Seeking a dedicated and experienced Security Operations Specialist/Senior Systems Engineer to join our team. The Security/Senior Systems Engineer will fill a dual role of overseeing the daily operations of key security controls along with providing support of core Microsoft platforms such as M365 and Windows Server. This role will work closely with our IT team and various stakeholders to ensure that our systems are efficient, secure and aligned with business needs.

Need someone from a small company [ 200m is the current firm ]-small IT dept 6 people need a jack of all

KEY RESPONSIBILITIES

Security Operations

Act as the primary security specialist across the Company's global sites/divisions.

Oversee ongoing security operations, including patch management, asset management, and engagement with security partners, ensuring effective monitoring and response to security incidents.

Manage security tools and technologies such as firewalls, intrusion detection systems, and antivirus software.

Coordinate with IT and other departments to ensure security measures are integrated into all aspects of the organization's operations.

Manage the security awareness and training program to ensure all end users receive regular security training.

Manage deployment of security tool agents.

Conduct access control reviews and other recurring security control reviews.

Systems Administration and Engineering Activities

Perform system administration tasks including configuration, patch management, and troubleshooting of Microsoft M365 and Exchange systems.

Plan and execute migration projects to Microsoft M365 (email, Teams, SharePoint, OneDrive, etc.) from legacy systems or other platforms.

Work closely with cross-functional teams to understand their requirements and provide technical solutions that enhance productivity.

Develop and maintain comprehensive documentation for all system configurations, changes, and procedures.

Provide advanced support for Microsoft M365-related issues, including root cause analysis and problem resolution.

Mentor and provide guidance to junior engineers and IT staff in the use and management of Microsoft M365 and Exchange.

Security Strategy, Governance and Regulatory Compliance

Under the CIO's and the vCISO's direction, establish, track, and report on security KPIs.

Participate in ongoing security governance activities, including regular leadership updates.

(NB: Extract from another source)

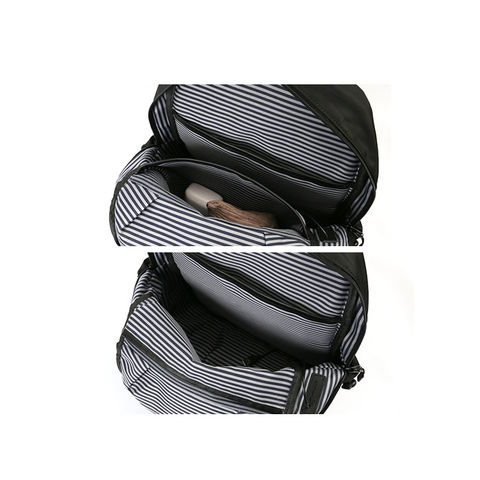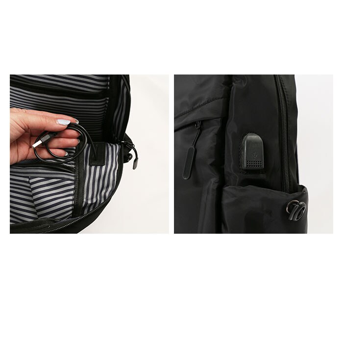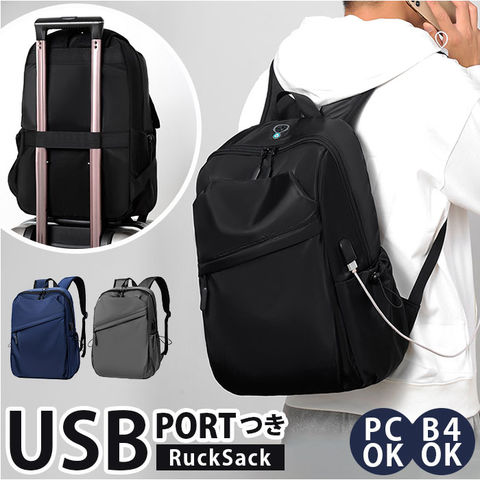 | 商品説明 | ユニセックスで使えるリュックサックが発売。斜めにカットされたフロントのファスナーポケットがさりげないアクセント♪メインルームはB4対応。ダブルファスナー仕様で大きく開き、中の荷物を出し入れしやすい作り。メインルーム内には背面側に、タブレット機器を入れるのに便利なクッション材入りポケットとフロント側に荷物を分けてしまえるオープンポケットを搭載。両サイドに500mlペットボトルや折りたたみ傘を挿して収納できる深めのオープンポケットを1つずつ配置。上部にはイヤホンホール、右サイドには充電に便利なUSBポート機能を装備。お手持ちのモバイルバッテリーをカバンの中に入れたままでも充電可能!(※イヤホンホールは必要に応じてご自身で穴を開ける仕様になります)リュック背面にはキャリーケースと一緒に持ち運べるキャリーオンベルト付き♪旅行時のサブバッグとしても大活躍!長さ調節が可能なショルダーベルトの裏側には、長時間背負っても肩の負担を軽減してくれるメッシュ素材のクッション付き。通勤通学はもちろん、マザーズバッグにもオススメなアイテム☆ |

Maintain documentation for security policies, procedures, and protocols.

Coordinate with technical resources across all Company locations to establish a consistent security landscape.

Incident Readiness, Response and Recovery

Manage and coordinate response efforts during security incidents, including containment, eradication, and recovery.

Conduct post-incident analysis to identify root causes and implement measures to prevent future occurrences.

Maintain an up-to-date incident response plan and ensure all team members are familiar with their roles and responsibilities.

Conduct risk assessments and vulnerability analyses to identify potential threats and mitigate risks.

Threat Intelligence and Analysis

Monitor threat intelligence feeds and stay informed about emerging cybersecurity threats and vulnerabilities.

Conduct threat analysis and provide actionable insights to improve the organization's security posture.

Collaborate with external partners, such as cybersecurity firms and government agencies, to share threat intelligence and best practices.

QUALIFICATIONS

Bachelor's degree in Information Security, Computer Science, or a related field.

5+ years of experience in system engineering and/or information security operations or related roles, with a focus on security operations, M365 and Windows servers

Experience with security technologies and tools (e.g., firewalls, intrusion detection/prevention systems, SIEM).

Strong analytical and problem-solving skills, with the ability to identify and mitigate security risks.

Relevant certifications in both security and M365 (e.g., CISSP, CISM, CEH, M365) are highly desirable.

Proven experience in developing and implementing cybersecurity operational controls and procedures.

In depth knowledge of M365 and Azure/Entra ID architecture, deployment and administration

Proficiency in PowerShell scripting for automation and management of Microsoft M365.

Experience in Active Directory, Azure AD (Entra ID), Intune, and hybrid environments.

Strong understanding of networking concepts including DNS, DHCP, and SSL/TLS.

Knowledge of security protocols and best practices, including data protection and GDPR compliance.

WORKING CONDITIONS

This is a hybrid position requiring some onsite work at our Athol, MA headquarters. As the program gets established and operational, the work environment will shift to a hybrid one where the Engineer can work remotely. The engineer typically works in an office environment with normal working hours of 8 am to 5 pm but may be required to respond to security incidents outside regular business hours. This role may also involve occasional travel to attend conferences and training sessions or to coordinate with external partners.